In addition to its role in UC progression, there is evidence that AR signaling might be important as a putative resistance mechanism to cisplatin, a commonly used chemotherapeutic agent in mUC. Kashiwagi et al. [47] demonstrated that cell lines expressing full length wild type AR (647V-AR and 5637-AR with exogenous AR, UMUC3 with endogenous AR) were significantly more resistant to the cytotoxic effects of cisplatin compared to AR negative cell lines. This difference in cisplatin sensitivity was attenuated in presence of an androgen depleted culture medium supplemented with charcoal-stripped fetal bovine serum (CS-FBS). Addition of synthetic androgen R1881 to AR positive cell lines significantly reduced the cytotoxic effect of cisplatin which was accompanied by increase in NF-κB, a known mediator of cisplatin resistance. Conversely, in cisplatin resistant cell lines, treatment with AR inhibitor hydroxyflutamide restored cisplatin sensitivity. Furthermore, among patients with MIBC, there was a trend toward higher AR expression among patients refractory to neoadjuvant cisplatin-based chemotherapy compared to those achieving a pathologic response [47]. Taken together, these studies highlight the role of AR signaling not only as a potential driver of urothelial carcinogenesis and progression, but also a potential mechanism of resistance to cisplatin, thus providing rationale to target AR in combination with cisplatin in UC, to enhance efficacy of cisplatin.

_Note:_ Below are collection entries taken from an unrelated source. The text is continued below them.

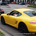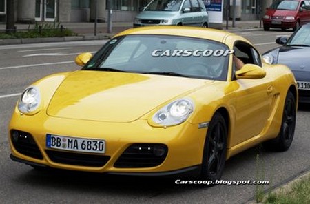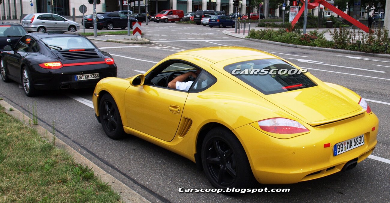 Finalmente, ecco a voi la nuova Porsche Cayman 2009 in tutto il suo splendore, senza camuffamenti e con una colorazione gialla molto accesa, che la fa spiccare in maniera netta dall’anonimo contesto stradale in cui si trova (non per niente parliamo di foto spia).
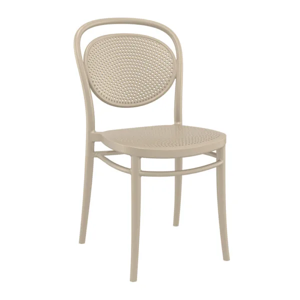 Marcel stacking chair is produced with a single injection of polypropylene reinforced with glass fiber obtained by means of the latest generation of air moulding technology with neutral tones. For indoor and outdoor use.
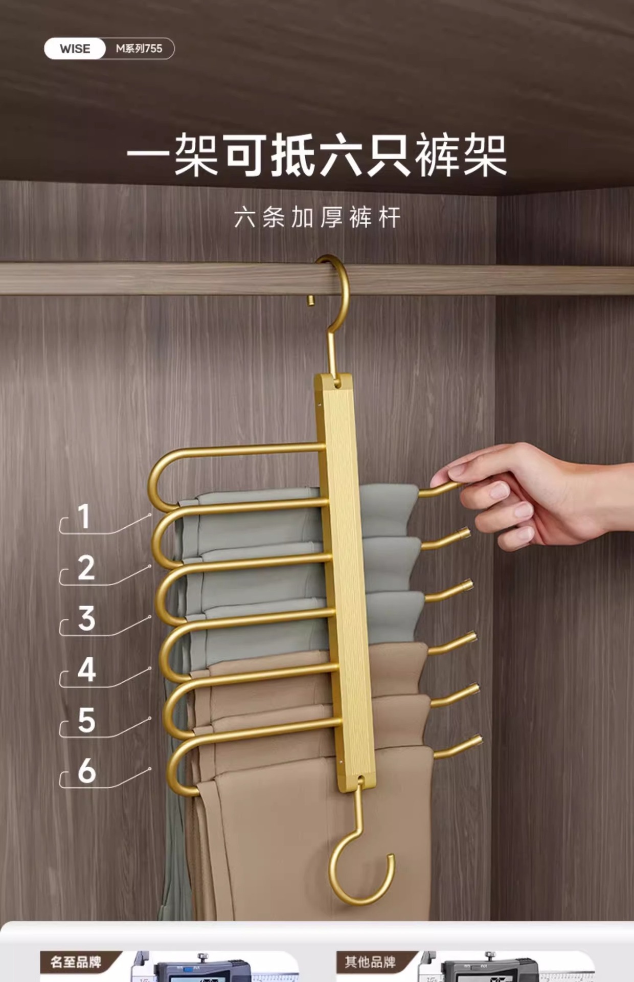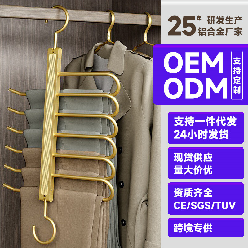 Made of high-quality aluminum alloy, and the u-shaped rod and crossbar of the trouser rack are made of thickened material, the hook part is made of solid metal, sturdy and durable, with a weight capacity of 80 pounds,can store men's and women's pants.

4.3. AR expression in UC and correlation with clinicopathologic features

Prevalence of AR expression by immunohistochemistry (IHC) has been reported in tumor tissue in 11%–55% of patients with UC. While some studies have reported increase in AR expression in tumor tissue compared to normal urothelial tissue [48], others have reported down regulation of AR expression in tumor tissue [[26], [27], [28]]. Findings of recent studies examining AR expression in UC are summarized in Table 1. In a meta-analysis of nine studies examining AR protein expression, AR expression was found to be similar in tumor tissue compared to normal urothelium (hazard ratio [HR]: 1.13; p=0.33) and muscle-invasive tumors compared to non-muscle invasive tumors (HR: 0.66; p=0.35) [49]. Interestingly, AR expression was lower in high-grade tumors (compared to low grade tumors; HR: 0.57; p < 0.001) tumors. In contrast, Elzamy et al. [50] reported that AR expression was seen in 35% of patients with localized UC and associated with higher tumor grade and muscle invasion.

Table 1.

Summary of prior studies investigating the prevalence and significance of AR expression in urothelial carcinoma.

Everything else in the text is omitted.